As you have said that the person who worked on the project before is well liked and respected within the company, while you are the new guy with no good will or social capital built up in the organisation, the last thing you should be doing is forming any kind of criticism of the code or the person who wrote it.
However, if the project is truly "Broken", then the person who worked on it before will not be the untouchable God type. He may be the asshole programmer from Hell who purposefully wrote code that could not be maintained by anyone else, in which case you are his patsy and you are probably on a losing bet, because he is just waiting in the wings to swoop in, pull an all-nighter bashing away at the keyboard to rescue the company from the incompetence of the new guy, all for a measly 50% pay rise... I have seen it happen to a few contractors and it is not pretty.

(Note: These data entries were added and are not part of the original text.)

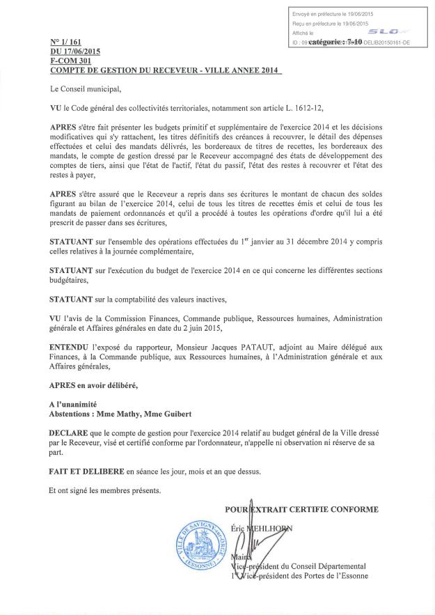 Je relève à cet endroit la critique sur mes colistiers qui n’ont pas voulu donner quitus au receveur pour sa gestion.
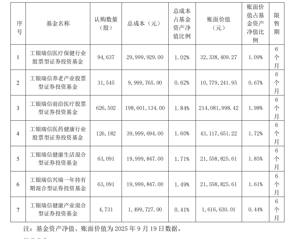 工银瑞信医疗保险行业、工银瑞信养老产业股票、工银瑞信前沿医疗和工银瑞信医药健康分别认购 9.46 万股、3.15 万股、62.65 万股、12.62 万股,成本合计约为 2.79 亿元。
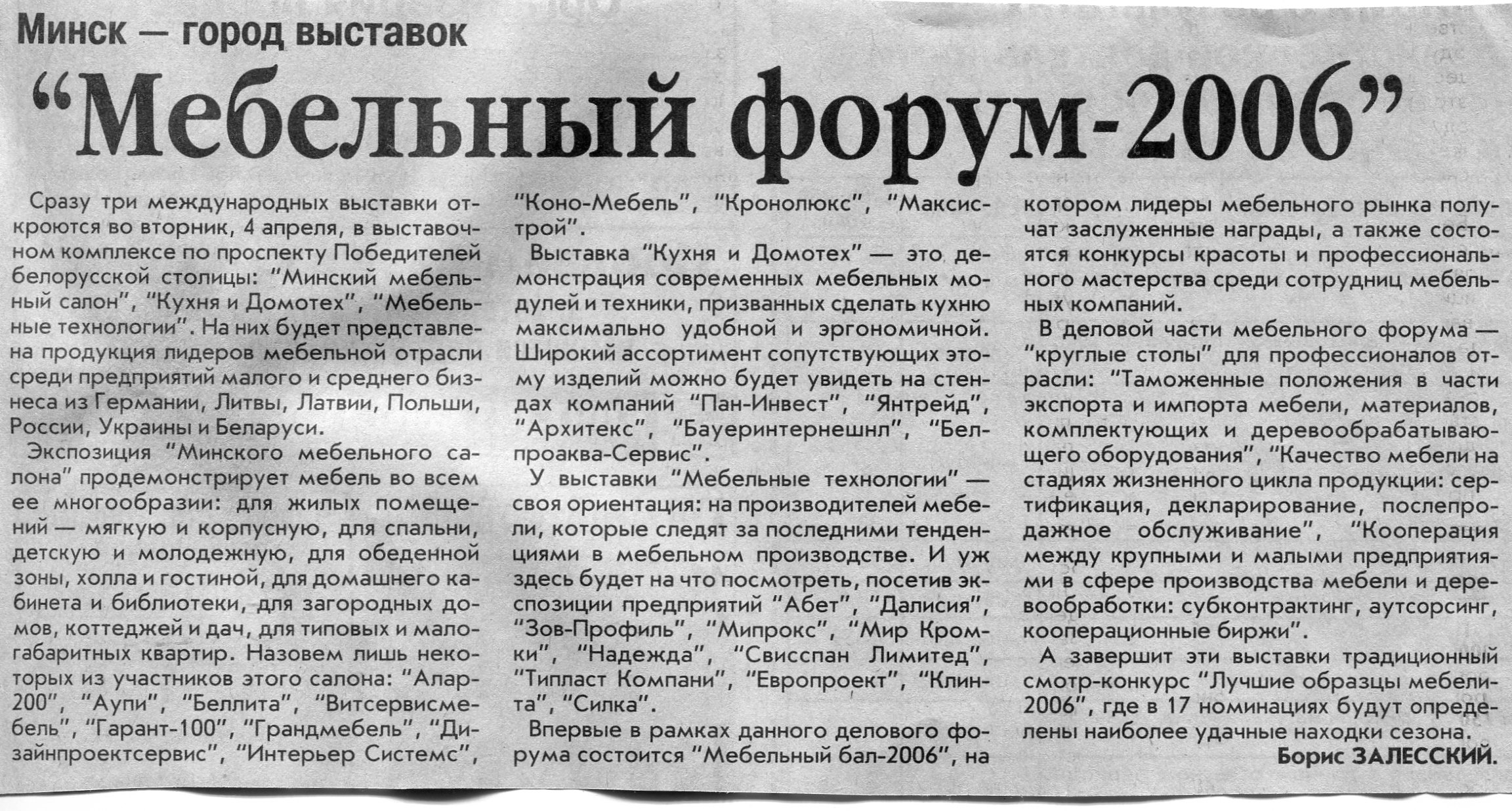 Залесский, Б. "Мебельный салон-2006" / Б. Залесский // Вечерний Минск. – 2006. – 3 апр.
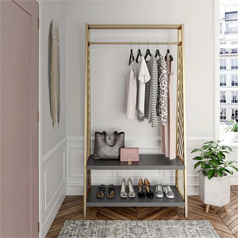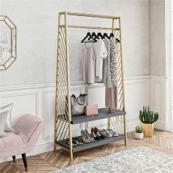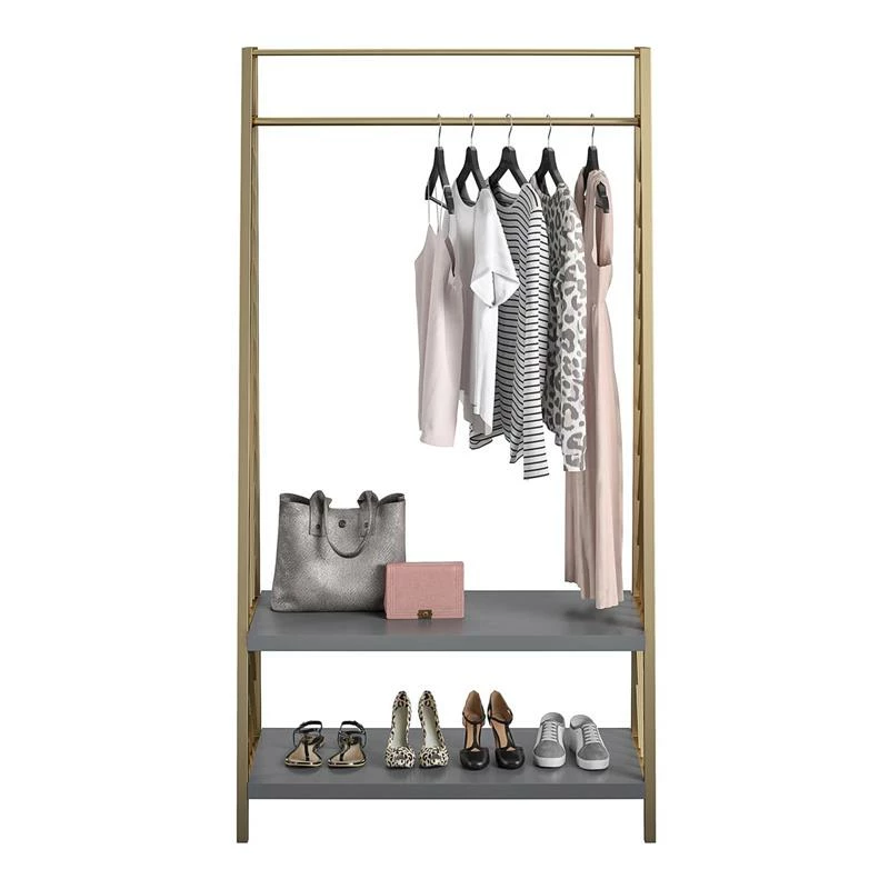 Spice up your entryway with the Brielle Entryway Storage Bench. Available in graphite gray and accented by a trendy gold frame or white with a black frame, the Brielle is designed with all of your shoe storage ~needs~ in mind. Two sturdy lower shelves keep your flame shoes on display while the clothing rod keeps your coats and tomorrow’s OOTD in perfect condition.
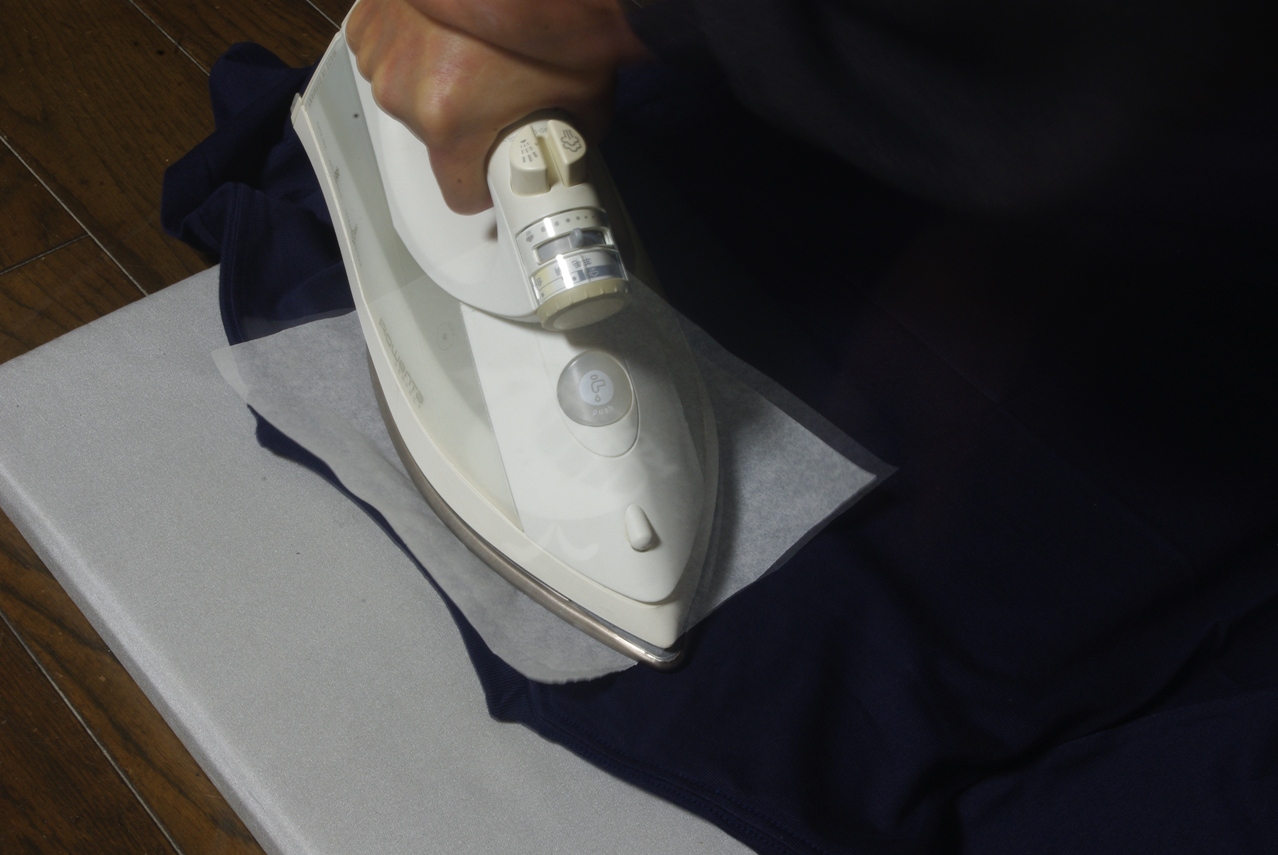 もし、ステッカーの剥がれが確認されたら、そのまま元に戻して再度アイロンプレスを繰り返します。
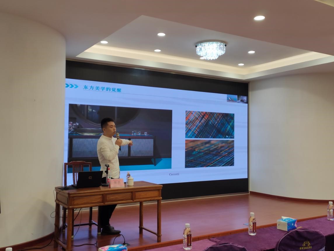 本次培訓(xùn)為期兩天,主要以課堂授課與外出設(shè)計(jì)考察為主。張?zhí)煨遣┦俊㈥愓褚娓苯淌诤完惲晾蠋煼謩e圍繞“中國(guó)傳統(tǒng)家具中的造物理念體系”、“當(dāng)代中式家具發(fā)展趨勢(shì)及品牌構(gòu)建”、“當(dāng)代中國(guó)家具設(shè)計(jì)方法”等專業(yè)課題作了課堂授課,實(shí)踐考察環(huán)節(jié)前往佛山羅浮宮國(guó)家家具博覽中心進(jìn)行了考察。
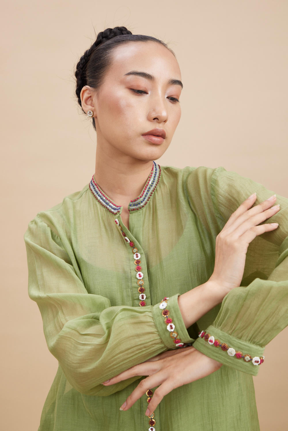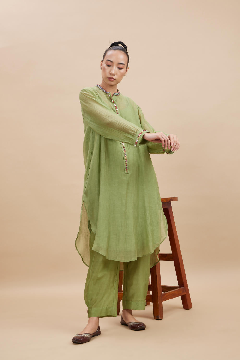 Fabric: Cotton Milk Chanderi, Hand loom Cotton, Metal Coin, Shell Button
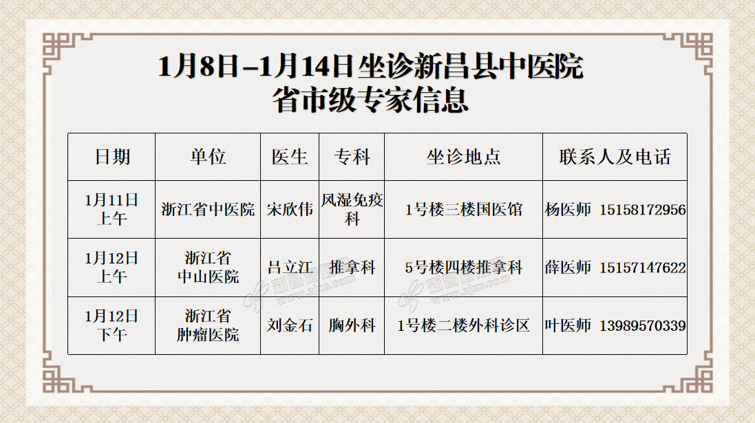 温 馨 提 示 新昌县中医院连贯医疗服务中心预约电话0575-86502366 门诊时间:上午08:00——11:30 下午13:30——17:00 急诊内、外科及发热门诊24小时开放。 来源:新昌县中医院
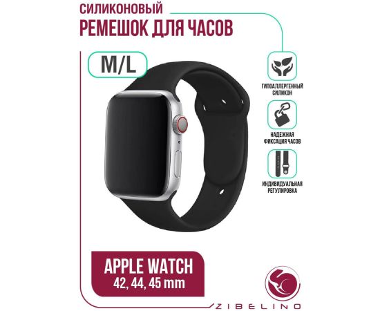 Ремешок силиконовый для Apple Watch 42мм, 44мм, 45мм (размер M/L) черный Эпл Вотч 42 мм 44 мм 45мм

The "obvious" solution, of course, is to quit and find another gig. However, the next place (or the one after that) will probably have a similar scenario, so the best approach would be to start learning to tackle the problem on this project.
That means that step 1 is to look at where YOU went wrong. By that, I mean that either your initial code analysis was incomplete (you did not check out the code before taking the assignment, or maybe you had no opportunity to check it out), or you started coding before understanding the existing structure (or lack of). Yes, you are under pressure to add value, contribute, justify your existence, and so on... but that will be doubly true next month. If you cannot make the argument in the first week/month that you need to review the existing code before making changes and adding features, then you are not going to be able to make that argument at any point. It takes a particular kind of coder to write updates to existing code without first understanding what the existing stuff does, and that type is rare, especially when dealing with an un-maintainable bird's nest of code.
If the code is already documented, verify that the documentation is accurate. If it is not already documented, then document it. The code may need to be re-factored before you can make any meaningful contribution, but right at the beginning of the project is the only possible window you will have for that kind of analysis.
If your response at this point is "I do not have time to document the code", then my advice would be to leave with your sanity and most of your reputation intact. You have already seen that coding hot, without any insight into what you are working with, causes unexpected and unexplained problems.